→ Exercise
Restate, exactly as written, the entries below from the line that holds "덴티가드클리닉 시린이 케어" through the line that holds "CC Scarf 180". Pictures are not part of the copy.

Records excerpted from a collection
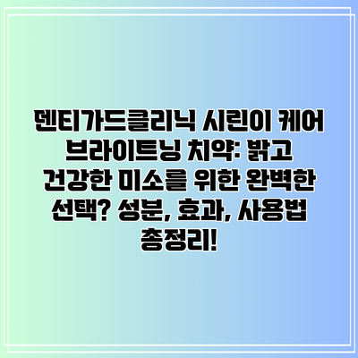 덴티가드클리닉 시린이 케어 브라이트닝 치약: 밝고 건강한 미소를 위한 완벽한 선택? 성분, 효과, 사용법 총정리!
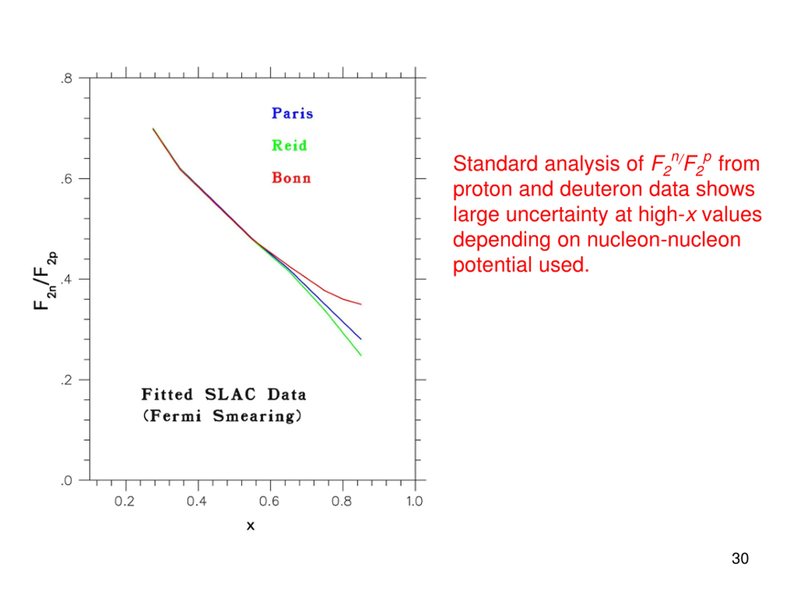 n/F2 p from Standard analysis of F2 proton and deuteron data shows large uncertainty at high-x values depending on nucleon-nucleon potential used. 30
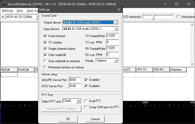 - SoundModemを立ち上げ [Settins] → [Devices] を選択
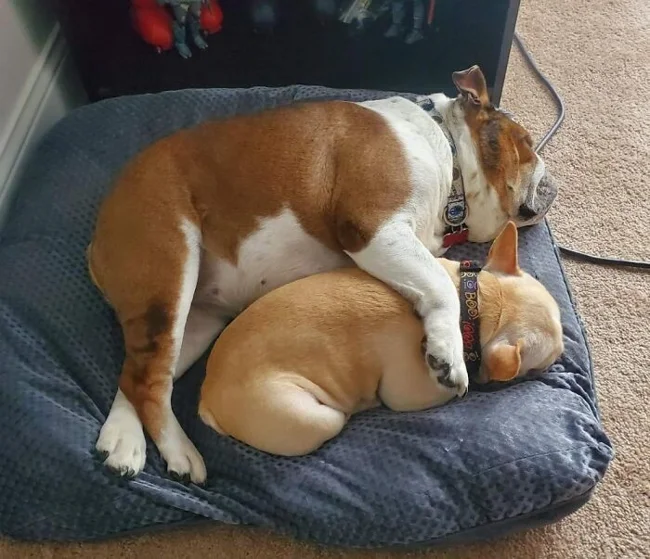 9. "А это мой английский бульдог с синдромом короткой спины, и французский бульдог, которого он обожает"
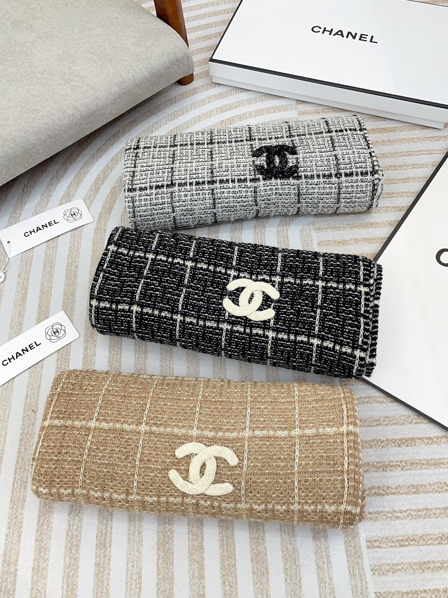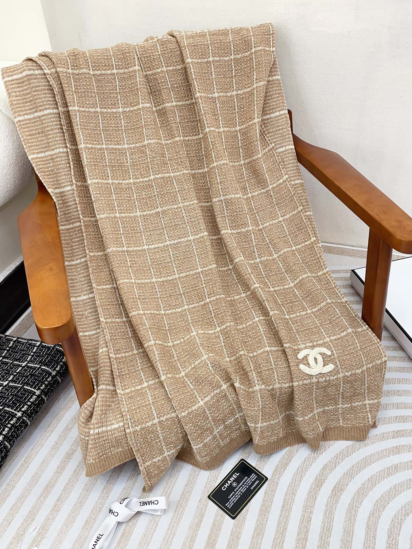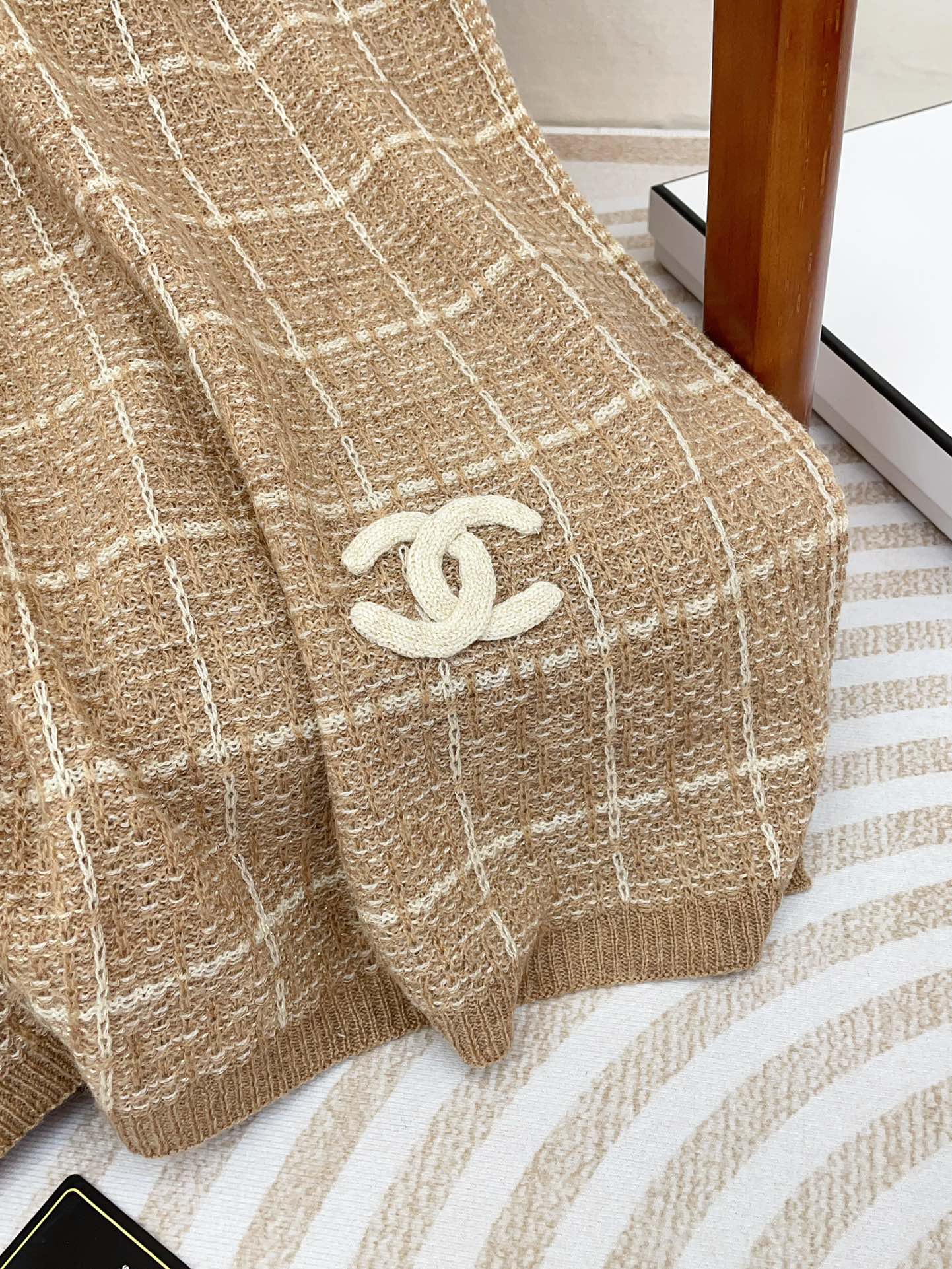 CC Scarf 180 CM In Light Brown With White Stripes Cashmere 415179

---

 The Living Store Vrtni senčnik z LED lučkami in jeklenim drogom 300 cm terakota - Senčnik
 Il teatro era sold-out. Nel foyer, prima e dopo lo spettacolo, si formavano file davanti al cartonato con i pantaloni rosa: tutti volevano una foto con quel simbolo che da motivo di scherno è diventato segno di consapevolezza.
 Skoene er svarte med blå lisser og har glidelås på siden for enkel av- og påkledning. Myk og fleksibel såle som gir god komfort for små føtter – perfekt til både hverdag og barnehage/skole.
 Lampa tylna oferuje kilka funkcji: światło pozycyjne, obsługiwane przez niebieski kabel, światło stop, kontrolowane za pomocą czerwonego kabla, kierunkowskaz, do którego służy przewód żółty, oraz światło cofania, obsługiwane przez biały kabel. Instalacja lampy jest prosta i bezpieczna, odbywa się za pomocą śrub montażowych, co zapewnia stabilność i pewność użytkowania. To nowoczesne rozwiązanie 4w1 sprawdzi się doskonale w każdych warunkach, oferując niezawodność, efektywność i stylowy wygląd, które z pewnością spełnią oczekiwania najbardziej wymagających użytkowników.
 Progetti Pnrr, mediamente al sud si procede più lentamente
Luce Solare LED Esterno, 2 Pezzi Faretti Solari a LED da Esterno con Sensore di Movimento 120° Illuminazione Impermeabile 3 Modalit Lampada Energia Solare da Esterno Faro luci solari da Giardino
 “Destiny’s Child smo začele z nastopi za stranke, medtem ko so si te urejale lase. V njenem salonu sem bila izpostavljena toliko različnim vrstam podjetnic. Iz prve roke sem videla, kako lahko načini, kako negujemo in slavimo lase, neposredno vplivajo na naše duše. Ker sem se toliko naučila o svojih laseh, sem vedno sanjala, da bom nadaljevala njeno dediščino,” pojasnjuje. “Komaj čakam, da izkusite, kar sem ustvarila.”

→ Solution to this problem
 덴티가드클리닉 시린이 케어 브라이트닝 치약: 밝고 건강한 미소를 위한 완벽한 선택? 성분, 효과, 사용법 총정리!
 n/F2 p from Standard analysis of F2 proton and deuteron data shows large uncertainty at high-x values depending on nucleon-nucleon potential used. 30
 - SoundModemを立ち上げ [Settins] → [Devices] を選択
 9. "А это мой английский бульдог с синдромом короткой спины, и французский бульдог, которого он обожает"
 CC Scarf 180 CM In Light Brown With White Stripes Cashmere 415179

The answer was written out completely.